Right, then. Let me disabuse you of one notion that may have been keeping you awake at night and pondering your way agonizingly into the dawn: Interior designers do a pretty good job of decorating their own homes.

Confess. You wondered about it. “Hmmmm,” you thought, gazing around at the spiffy new environment your designer assembled for you. “Does this guy do as well for himself or does he go home every night to a rabbit warren that Pa Joad would sniff at?”

If the items assembled for the “Dealer’s Choice” exhibition this weekend at the Decorative Arts Study Center in San Juan Capistrano are any yardstick, I’d say the designers are living pretty well. Part of the second Capistrano Antiques Show put on as a fund-raiser by the center, the exhibition shows off furniture and decorative items that many of the 37 dealers participating in the show have skimmed off the top of their stock and kept for themselves.

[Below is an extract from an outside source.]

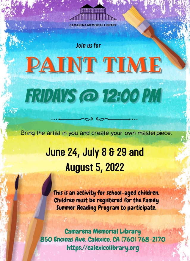 Camarena Memorial Library 850 Encinas Ave. Calexico, CA 92231 United States (760) 768-2170 Fax (760) 357-0404 Friday, August 5, 2022 12:00 pm to Friday, August 5, 2022 1:00 pm United States Bring the artist in you and create your own masterpiece. Every other Friday at 12:00 pm. Audience Kids

This is the stuff that the designers and dealers thought was so completely terrific that they couldn’t bear to part with it, even for a good chunk of money. So they carted the stuff home, reducing their profit margins but lining their personal nests with some pretty intriguing feathers. A few of them:

* A pair of brass English candlesticks, circa 1680

* A covered German tankard, circa 1750

* A 19th-Century tobacco jar in the shape of an ape’s head

* A pair of 18th-Century English ladies’ silver shoe buckles

* A pre-Colombian Peruvian burial mask

* A mid-19th-Century American hooked hearth rug

* A ceramic majolica camel, English, circa 1870

* A late 17th-Century Chinese porcelain vase, a handled mug and a plate

* A Chinese bronze pot from around the 3rd Century BC

* A pair of ironstone fruit coolers, circa 1820

* An early 19th-Century watercolor by Jean Pierre Redoute

* Tang dynasty tomb figures from AD 800

All this stuff will be on display at the center, at 31431 Camino Capistrano from 11 a.m. to 7 p.m. today and from noon to 5 p.m. Sunday. The antique show will be held in a large tent on the athletic field across the street. An admission fee of $10 gets you into the tent, but the exhibition at the center itself is free to the public.

The “Dealer’s Choice” part of the show was dreamed up by the center’s new director, Richard Madigan, who knows his artifacts. Before coming to San Juan, Madigan worked as the director of several museums on the East Coast.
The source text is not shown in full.